I used to be prisoner of my comfort zone 

I have a life like everyone else, doing the same things everyday. okay, life is like this nothing impressing. beside i had dreams that i want to be true. ugh, dreams will never come true. i’m 23 years old, just done my studies as a nurse and i’m a mom. and i will find a job to broke my everyday’s routine. i got some weight, that’s normal after pregnancy. And life is like this i can’t change anything. That was my awful comfort zone talking.

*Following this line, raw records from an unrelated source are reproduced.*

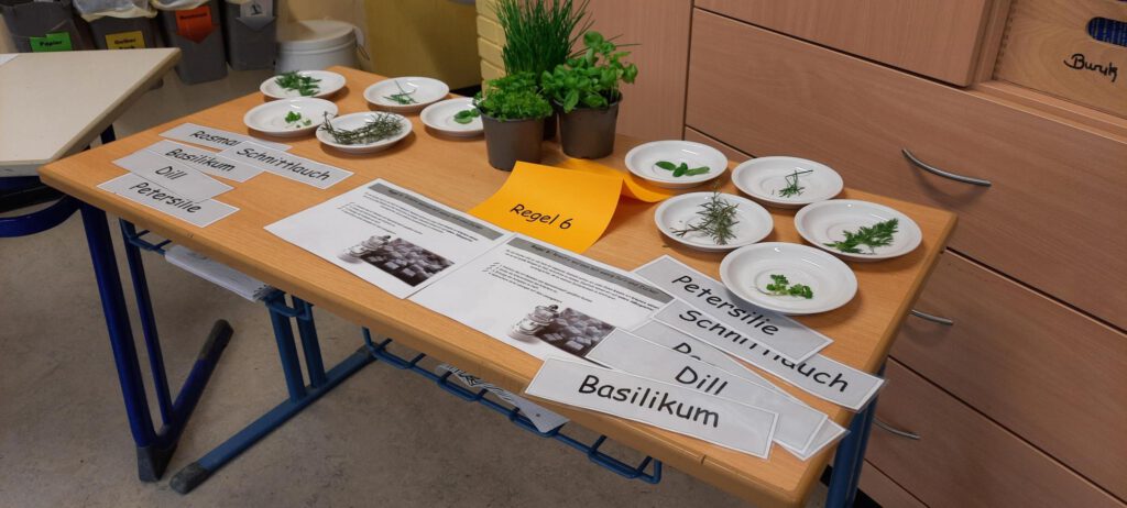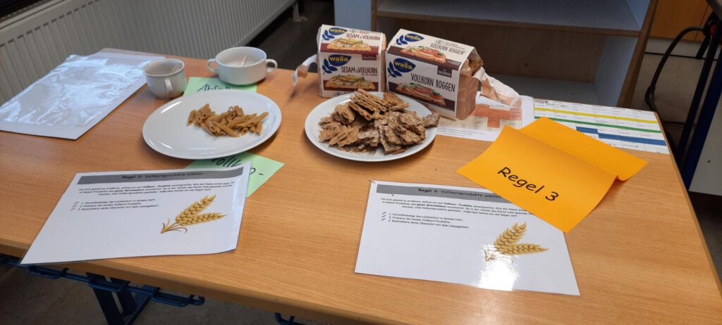 Im Anschluss ging es dann weiter zu Station Nummer 3. Hier wurden die 10 Regeln zur gesunden Ernährung unter die Lupe genommen. Mit Schmexperimenten (Verkostung von Lebensmitteln), Seilhüpfübungen, oder Zuordnungsspielen konnten sich die Schüler*innen die 10 Regeln selbständig erarbeiten. Dabei konnte so einiges über eine gesunde Ernährung gelernt, geschmeckt und erprobt werden. Etliche Kinder mussten zu ihrer Überraschung feststellen, dass Vollkornnudeln oder ein Smoothie doch gar nicht so schlecht schmecken. Auch der Kuchen ohne industriellen Zucker kam bei den Schüler*innen sehr gut an.
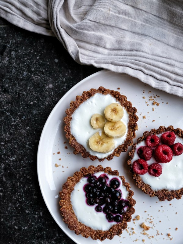 Doe de haver en de zonnebloempitten in een hakmolen of keukenblender en maal dit fijn. Doe dit in een mengkom samen met het amandelmeel, een flinke scheut honing, een flinke scheut druivenpitolie (die zorgt voor de kruidige smaak) en een scheut vloeibare zoetstof. Kneed dit goed door elkaar en vul er de bakvormpjes mee. Druk het deeg goed aan en zorg ervoor dat de bodem en de randen gelijkmatig bedekt zijn. Bak ze in een voorverwarmde oven gedurende 30 minuten op 180°. Laat ze afkoelen, vul ze met de Griekse yoghurt en werk af met fruit.
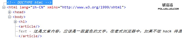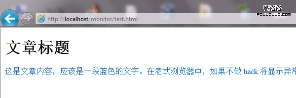 這是文章內容,應該是一段藍色的文字。在老式浏覽器中,如果不做 hack 將顯示異常。
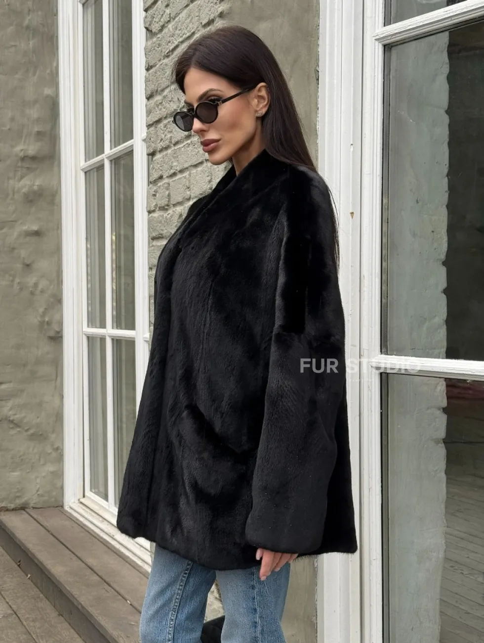 Жакет - шуба из норки BLACKGLAMA с V-образным воротником, косыми карманами доступна для покупки в нашем шоуруме Furs Studio в Москве. У нас так же есть доставка во все города России. Добавьте немного роскоши в свой гардероб с этой шубой, которая будет служить вам многие годы.

What is the comfort zone by the way? 《 a situation in which you feel comfortable and in which your ability and determination are not being tested

i tried to lose weight many times, and i failed because i was doing it wrong. This time the luck stand by my side, i found a the right way to lose it and getting very motivate about it I can do it and that made sense to me. I was thinking if did this i could do more. But i didnt know what could i do i’m still the person who stoped dreaming, and there is no mountain to climb for me. I was thinking that i did everything in my life. Trust me i was feeling like the early man who just discovred fire for the first time. I asked myself many questions is this what i really want to be? What i really love to do? And how to find interesting things to do? The answers at the beginig were copining somebody else, but i dont want to be fake. It’s about being me. I started to do things that i love to do like listning to the music that i love, and changing small things like being more organized & trying to wake up early. And learn new things, guess what? I’m out of my c.z. I know what i want, and i’m sure that i’m walking the right line to get it.
And this blog, is a part of what i really want. I will post an article every saturday to keep my motivation, and motivat others and i promise to be honest with you guys.
Finally, i would like to say find your comfort zone and run away from it.